Description of the task: Return, without pictures, the lines from the start of the data through the one that contains "Emma Renee Clarke".

Stored data:
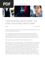 The Book of Job is one of the oldest books in the Bible. We believe that Job was a real historical figure. (Ezekiel 14:14 and Ja es !:11 both refer to hi ". This book deals with the age#old $uestion% &Wh' do the godl' suffer(). *n this book% we have the hu an reasonings of en% as well as +od,s answer to the -roble . The first cha-ter of Job% sets the stage for the rest of the cha-ters which follow. .an' -eo-le have isunderstood this cha-ter% and therefore% have drawn wrong conclusions fro this Book. .ost church -eo-le have been taught at least / things fro this -assage: (1" +od is in control. (0" 1atan can,t do an'thing to 'ou% without first getting -er ission fro +od. (/" Therefore% no atter what co es% 'ou should understand that +od allowed it% for so e higher -ur-ose # (To teach 'ou so ething% or to develo- 'our faith".
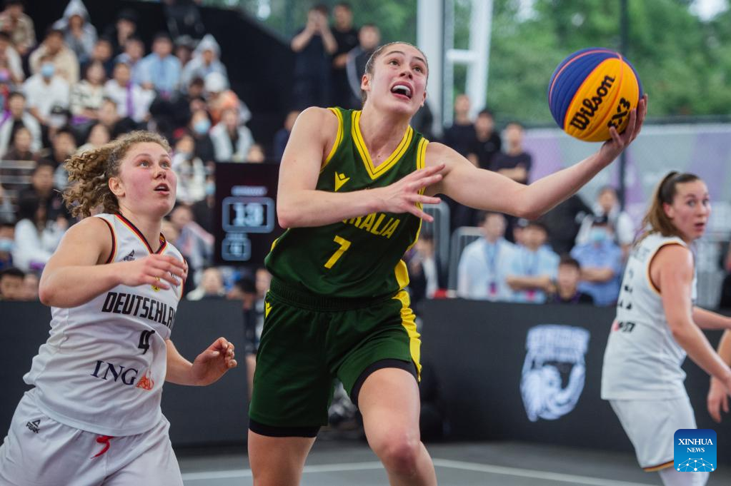 Emma Renee Clarke (2nd L) of Australia goes for a lay-up during a 2023 FIBA 3x3 Women's Series Wuhan Stop match against Germany in Wuhan, central China's Hubei Province on May 6, 2023. (Xinhua/Wu Zhizun)
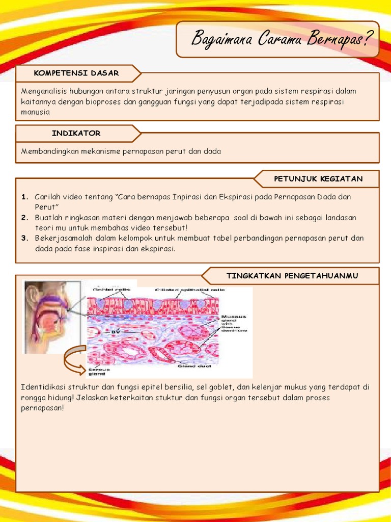 Lembar Kerja Siswa Lks Sistem Pernapasan from image.slidesharecdn.com Terdiri dari 2 versi, singkat dan lengkap! Pernafasan pada manusia dapat terjadi melalui pernafasan dada (menggunakan tulang rusuk) dan pernafasan perut (menggunakan otot diafragma). Bandingkan dengan gambar 6, video mri yang menunjukkan gerakan dada selama siklus pernapasan. Pernapasan sangat penting bagi kehidupan karena selain itu, pernapasan menghilangkan kelebihan air dari tubuh melalui pernafasan. Melaksanakan pranayama/pernafasan ini harus dengan kepandaian dan keahlian. Proses pernafasan manusia, biologi sma, kelas xi, yosi skanda mirza. Pada proses pernafasan perut tahap inspirasi yang akan terjadi yakni fungsi otot lurik polos dan jantung pada bagian diafragma akan mengalami kontrasi atau tegang. Mashindra prisma saputra 7 months ago.
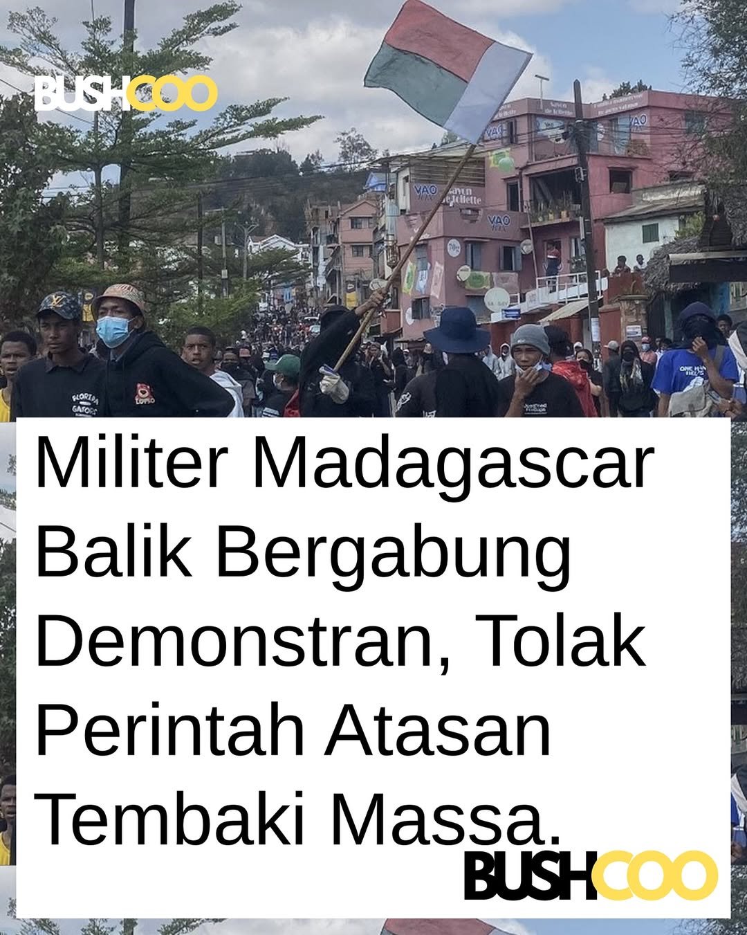 Sejumlah tentara bahkan mengibarkan bendera nasional Madagaskar, sementara para pengunjuk rasa meneriakkan “Terima kasih!” sebagai bentuk dukungan atas keberanian mereka.
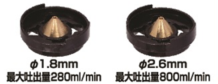 ・最大吐出量 :1.8mmノズル 280ml/min 、2.6mmノズル 800ml/min
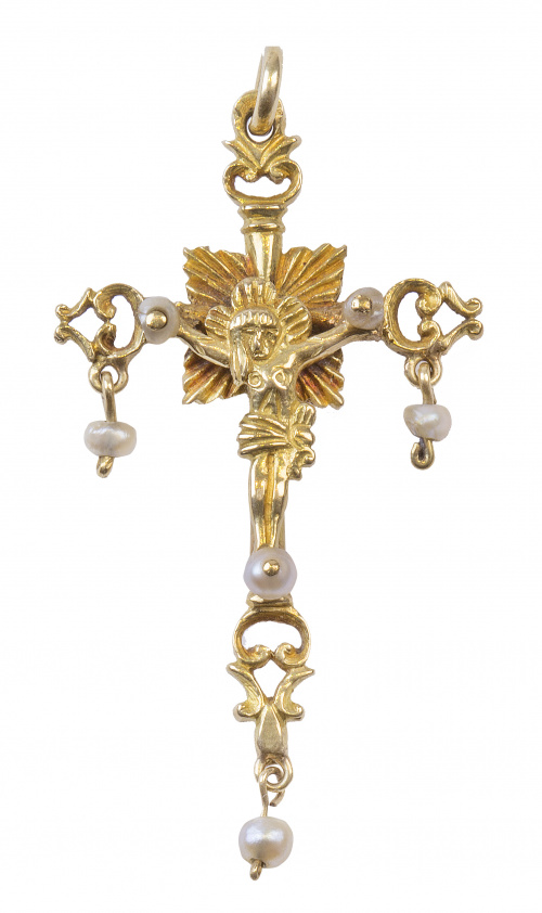 2. Crucifijo colgante S. XVIII-XIX con brazos rematados con formas caladas y perlas de aljófar colgantes
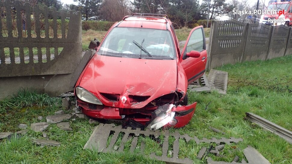 Jak ustalili policjanci wydziału ruchu drogowego rybnickiej komendy, kierujący renault, jadąc w kierunku ulicy Mglistej, z nieznanych przyczyn zjechał na przeciwległy pas ruchu, a następnie odbił w prawo, przejechał przez chodnik, pas zieleni, po czym uderzył w ogrodzenie posesji.
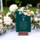 Número da Tabela de Casamentos outono do Plano de Mesa Laranja Queimada em Teal Elegante. Os hóspedes elegantes sentam o número da mesa do plano com uma casca escura com flor de cor de laranja queimada e um roteiro elegante, o dia da decoração do casamento para casamentos do outono. Fácil de personalizar o modelo, adicionando a lista de convidados e o número da tabela.
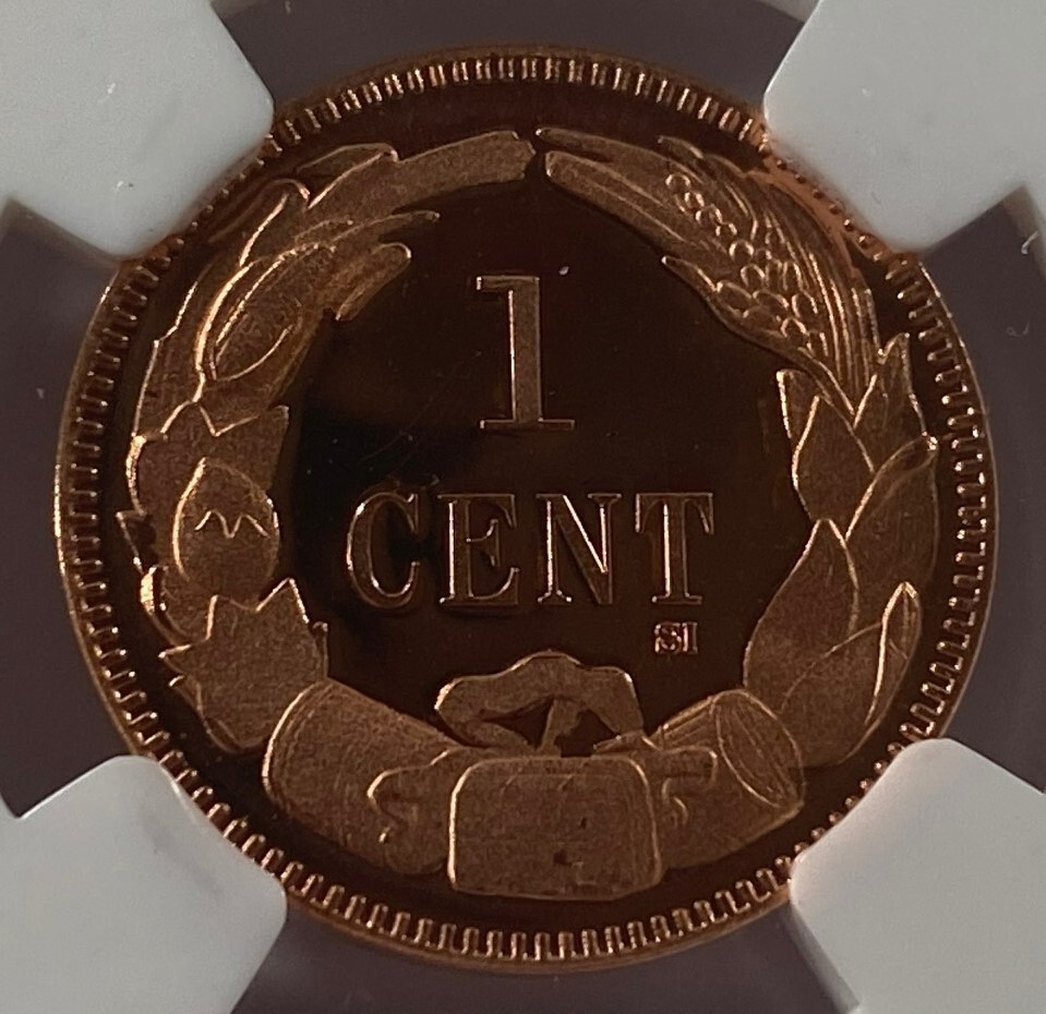 1861 Centavo confederado Cobre Smithsonian Restrike 2011 Prueba de gemas NGC
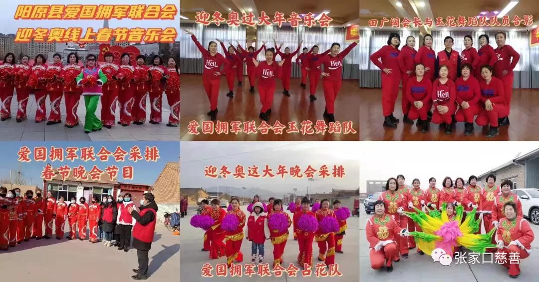 2022年1月30日,阳原县爱国拥军联合会举办线上春晚。晚会在给全国人民和阳原县人民大拜年的气氛中拉开序幕,首先由阳原县退役军人事务局副局长孙志伟、阳原慈善义工联合会会长刘立东分别致词,给阳原县人民、退伍军人、现役军人及家属拜年祝福。阳原县爱国拥军联合会会长致开幕词,大家是相亲相爱的一家人,走着走着2021年已接近尾声,2021年在成功和收获中度过,2022年以希望和奋进的激情向我们走来,在这辞旧迎新的日子里,在这温馨和谐的气氛中一起度过美好的时光,衷心的祝福却是永远相伴,在这欢乐祥和的日子里,让我们共同放飞梦想和希望,我们有理由相信,阳原县在新的一年里写下更辉煌的篇章,祝愿大家在新的一年里幸运会伴随着在座的每一位朋友,伴随着我们的每一天,衷心祝福所有朋友,生活奔小康,收入达富康,身体更健康,全家都安康,阳原县爱国拥军联合会所有志愿者祝全县的父老乡亲虎年大吉。
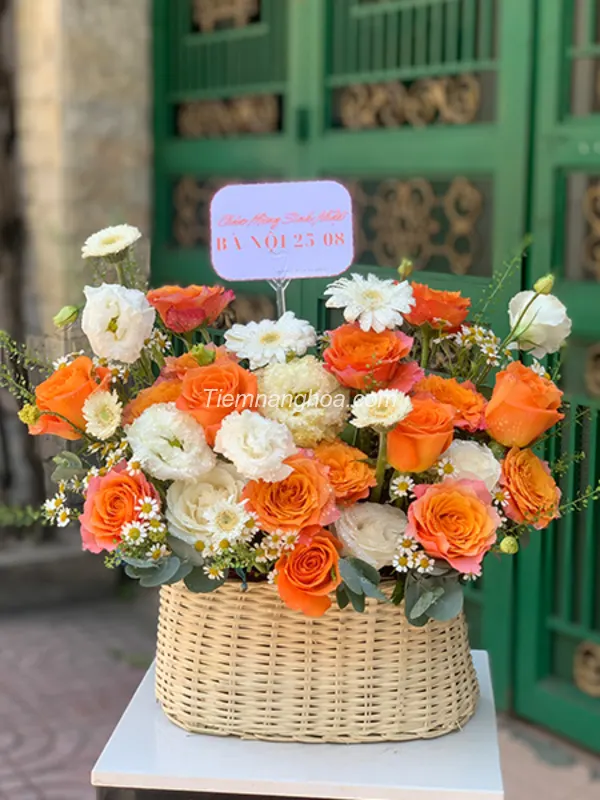 Chúng tôi tạo ra "Creamsicle Sunset Basket" với sự tỉ mỉ và tình tế đặc biệt. Mỗi bông hoa và lá cây được lựa chọn cẩn thận để đảm bảo chất lượng tốt nhất. Thiết kế này không chỉ mang đến vẻ đẹp ngoạn mục mà còn là biểu tượng của sự tình te^ và sự chăm sóc đặc biệt từ chúng tôi.
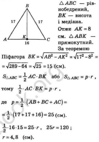 Знайдіть радіус кола, вписаного в рівнобедрений трикутник
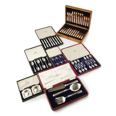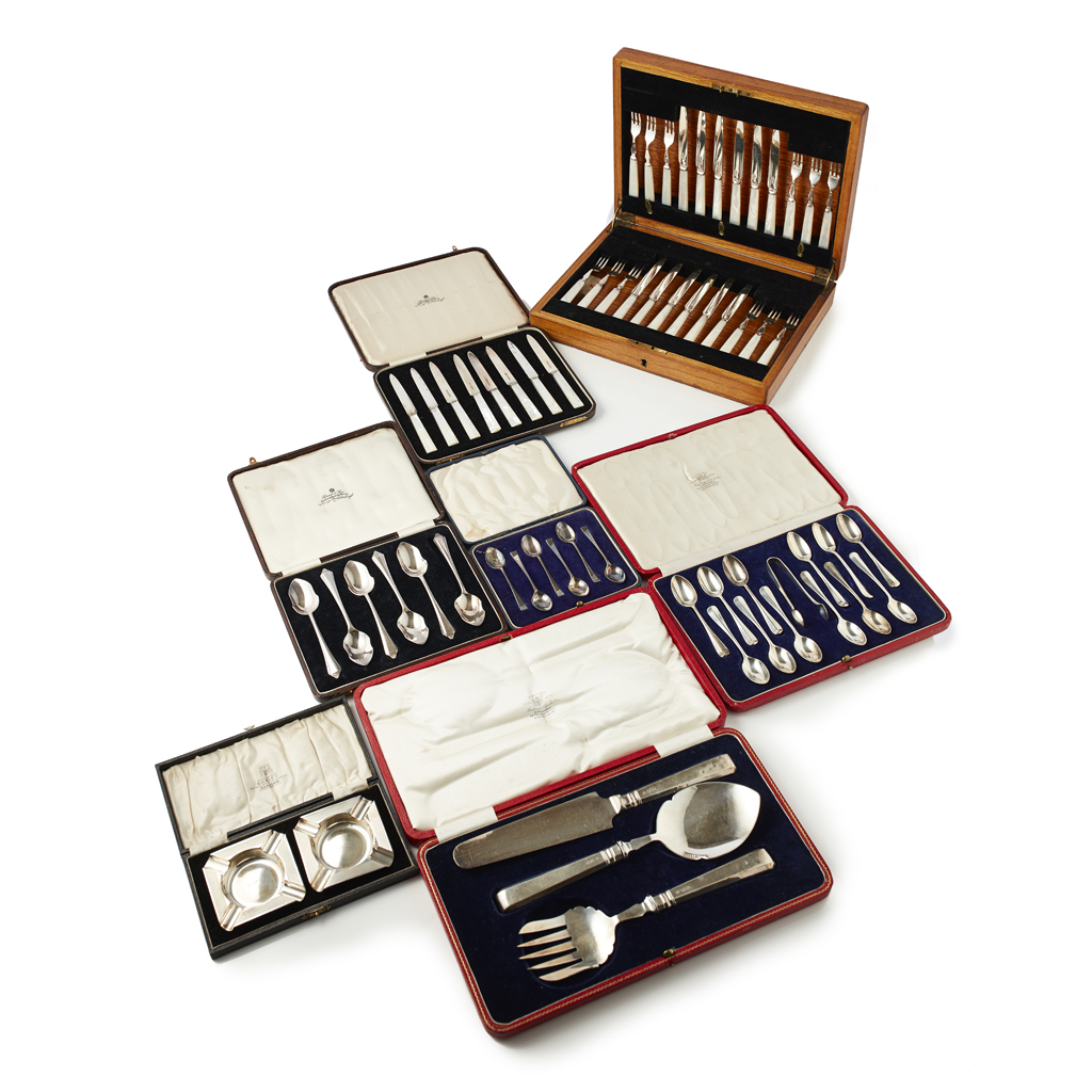to include, a cased set of servers, a cased set of grapefruit knives, a cased set of six mother of pearl handled fruit knives, and another set of twelve with forks, a pair of ashtrays, a cased set of twelve teaspoons and a pair of tongs; a cased set of six teaspoons (qty)
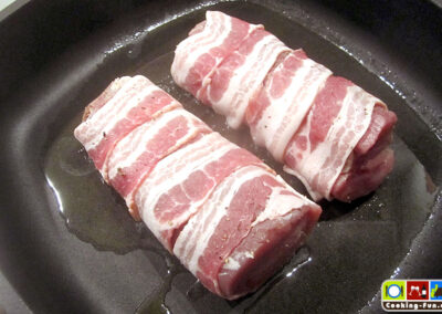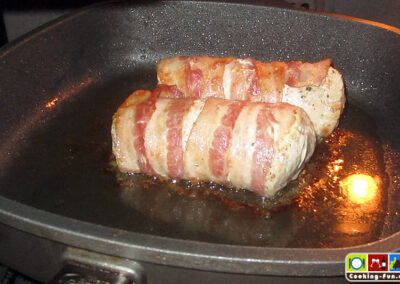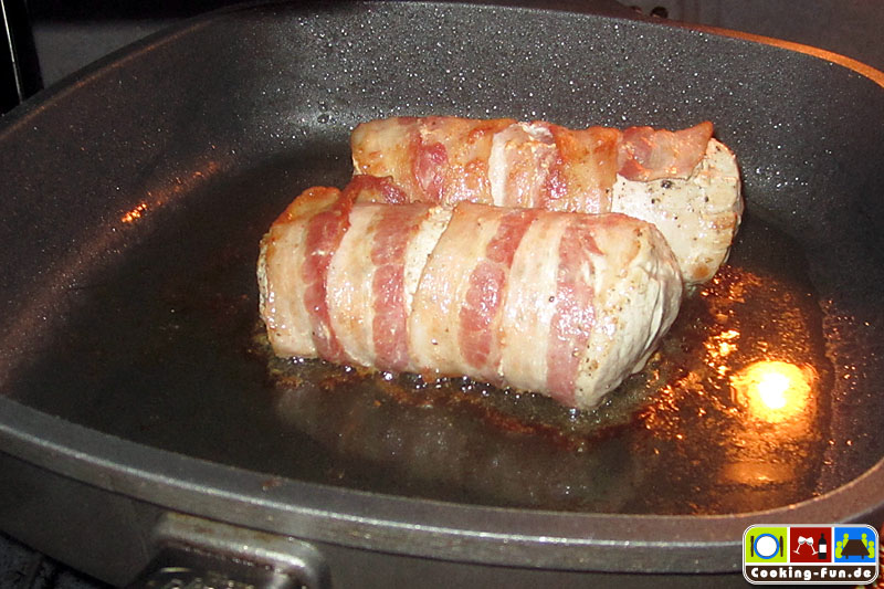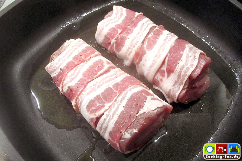 Das Öl in einer schweren und ofenfesten Pfanne erhitzen und die Fleischstücke darin von allen Seiten anbraten. Als erste Seite nehmt die mit den zusammenlaufenden Speckenden. Ist der Speck unten schön knurpsig (kross angebräunt) wird gedreht. Mit der Drehung auf die letzte Seite, kommt die Pfanne für ca. 20 Minuten in den vorgeheizten Ofen. Die letzte Seite brät dort durch die Wärmespeicherung der Pfanne nach.
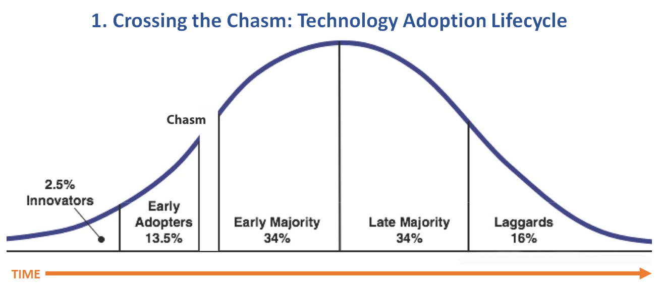 [Model 1] Crossing the Chasm: Marketing and Selling High-Tech Products to Mainstream Customers (https://en.wikipedia.org/wiki/Crossing_the_Chasm)

Output of the exercise:
 The Book of Job is one of the oldest books in the Bible. We believe that Job was a real historical figure. (Ezekiel 14:14 and Ja es !:11 both refer to hi ". This book deals with the age#old $uestion% &Wh' do the godl' suffer(). *n this book% we have the hu an reasonings of en% as well as +od,s answer to the -roble . The first cha-ter of Job% sets the stage for the rest of the cha-ters which follow. .an' -eo-le have isunderstood this cha-ter% and therefore% have drawn wrong conclusions fro this Book. .ost church -eo-le have been taught at least / things fro this -assage: (1" +od is in control. (0" 1atan can,t do an'thing to 'ou% without first getting -er ission fro +od. (/" Therefore% no atter what co es% 'ou should understand that +od allowed it% for so e higher -ur-ose # (To teach 'ou so ething% or to develo- 'our faith".
 Emma Renee Clarke (2nd L) of Australia goes for a lay-up during a 2023 FIBA 3x3 Women's Series Wuhan Stop match against Germany in Wuhan, central China's Hubei Province on May 6, 2023. (Xinhua/Wu Zhizun)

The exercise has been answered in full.